I have a letter from the central legal office about gags, which says that it does not personally insert the gagging clauses. The standard compromise agreement contains a confidentiality clause, so the legal office has no say in that.

Chic Brodie

Is it not the case that NHS Scotland’s central legal office carried out a review of confidentiality clauses and developed a revised form of wording that explicitly made clear that an individual’s right to raise protected disclosures is protected, whether or not they insert the clause of their own volition?

Rab Wilson

I do not find that to be the case because, out of 697 agreements in the past three years, there have been only four protected disclosures. That tells you that some of my friends who are with me today, who have been gagged, are terrified to speak out because of the consequences. They fear that they will be taken to court and maybe that their pension or any payment that they have been given will be removed from them.

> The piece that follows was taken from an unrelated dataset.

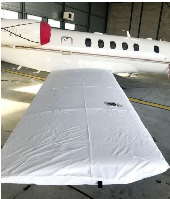
Cessna Citation CJ-4 Wing Covers, test fit cover

WINTER USE MATERIAL - Made with Solution-Dyed Polyester fabric, this option is intended for seasonal use to aid in deicing, rain mitigation, or for occasional travel. The material is lighter and more compact, but more susceptible to UV damage and may have a shorter useful life if used continuously outside than the all-year use material.

A culture of fear exists in our NHS.

Chic Brodie

Can I stop you on that? It is quite important. Things have happened such as the Public Interest Disclosure Act 1998 and the Employment Rights Act 1996. Actions have been taken by the Government, instructions have been given to health boards and money has been made available to help to change the culture of bullying. We are talking about culture. We can legislate as much as we like, but we are talking about management culture and what needs to be done there.

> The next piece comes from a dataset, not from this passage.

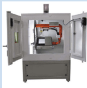
The X-RAD 225Cx system allows targeting of the radiation field through three-dimensional imaging of the subject.

NIH/NCI joins a growing number of international research institutions who have purchased the X-RAD 225Cx, including the Netherlands Cancer Institute, Maastricht University, Dana-Farber Cancer Institute, Duke University and the University of Texas Southwestern Medical Centre.
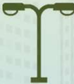
3 PHASE EB & STREET LIGHTS

I will protect everyone’s right to be open and say what they think and think what they say in such circumstances. A culture of secrecy and bullying is totally unacceptable—I accept and support that view. However, despite all the actions that have been taken, you have still come to the table suggesting that things are not happening. Is it not the culture of management, which we are trying to change, that is really at fault?

Rab Wilson

Of course. A huge part of the problem is the culture of secrecy. The culture is all about protecting the organisation at all costs and to hell with the workers—they can go to the wall. They can be paid off and gagged with gagging clauses because, at the end of the day, the culture is to protect the organisation. That is what it is all about, and that needs to stop.

Chic Brodie

However, the regime has been changed. Action has been taken by the Westminster Government and by the Scottish Government to attempt to get rid of all the problems, if not delete them. All the legislation and assistance is in place. How do we change what is now a cultural problem?

Rab Wilson

For a start, we should get rid of the confidentiality clause, because it is total nonsense. There is a huge dam of truth and horrible things—

Mr Wilson—

Rab Wilson

Can I please make my point? There is a huge dam of nasty, horrible things that have been happening in the NHS, and this document is creating the log-jam and preventing information from becoming public knowledge. It needs to go, and then people will be able to speak freely and without any fear of being taken to court for speaking the truth about bad things.

If you are referring to a document, will you describe it for the record, so that we understand which document you are referring to?

Rab Wilson

I am referring to annex A—the style revised wording from the NHS compromise agreement of May 2013.

Chic Brodie

Do you accept that the cabinet secretary has already stressed to the health boards that he expects them to ensure that confidentiality clauses and non-derogatory statement clauses are not used to suppress the reporting of concerns about practice in the NHS in Scotland? That has been made abundantly clear not just once but several times.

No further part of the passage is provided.